• **WHAT THE TASK ASKS**:
Scan the material below and copy every line holding the word "base".

#### RECORDS SHOWN ####

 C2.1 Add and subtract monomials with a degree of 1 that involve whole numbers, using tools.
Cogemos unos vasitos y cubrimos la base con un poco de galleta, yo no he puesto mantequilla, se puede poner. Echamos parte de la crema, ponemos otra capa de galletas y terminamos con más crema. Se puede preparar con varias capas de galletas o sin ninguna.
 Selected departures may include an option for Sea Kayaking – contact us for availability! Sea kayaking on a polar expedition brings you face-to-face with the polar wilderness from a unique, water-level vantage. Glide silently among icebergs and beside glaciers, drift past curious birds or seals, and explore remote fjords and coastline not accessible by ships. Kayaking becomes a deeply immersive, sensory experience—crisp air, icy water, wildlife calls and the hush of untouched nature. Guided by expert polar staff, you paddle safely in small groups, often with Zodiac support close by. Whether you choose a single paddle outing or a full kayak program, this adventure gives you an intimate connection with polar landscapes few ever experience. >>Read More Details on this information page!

####
#### RECORDS SHOWN ####

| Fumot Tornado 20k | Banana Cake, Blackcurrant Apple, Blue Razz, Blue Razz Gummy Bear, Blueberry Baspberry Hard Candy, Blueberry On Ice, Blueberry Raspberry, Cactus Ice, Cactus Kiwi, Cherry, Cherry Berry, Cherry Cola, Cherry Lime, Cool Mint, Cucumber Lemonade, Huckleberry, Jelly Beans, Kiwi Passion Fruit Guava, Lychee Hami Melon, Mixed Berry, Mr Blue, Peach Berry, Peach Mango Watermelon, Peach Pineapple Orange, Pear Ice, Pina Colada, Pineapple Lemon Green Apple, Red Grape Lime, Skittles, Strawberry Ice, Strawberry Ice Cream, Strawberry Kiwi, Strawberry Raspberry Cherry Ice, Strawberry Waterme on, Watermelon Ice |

####
#### RECORDS SHOWN ####

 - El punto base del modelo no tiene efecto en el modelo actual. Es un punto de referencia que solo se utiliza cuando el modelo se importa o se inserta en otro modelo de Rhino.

####

• **EXERCISE RESPONSE**:
Cogemos unos vasitos y cubrimos la base con un poco de galleta, yo no he puesto mantequilla, se puede poner. Echamos parte de la crema, ponemos otra capa de galletas y terminamos con más crema. Se puede preparar con varias capas de galletas o sin ninguna.
 - El punto base del modelo no tiene efecto en el modelo actual. Es un punto de referencia que solo se utiliza cuando el modelo se importa o se inserta en otro modelo de Rhino.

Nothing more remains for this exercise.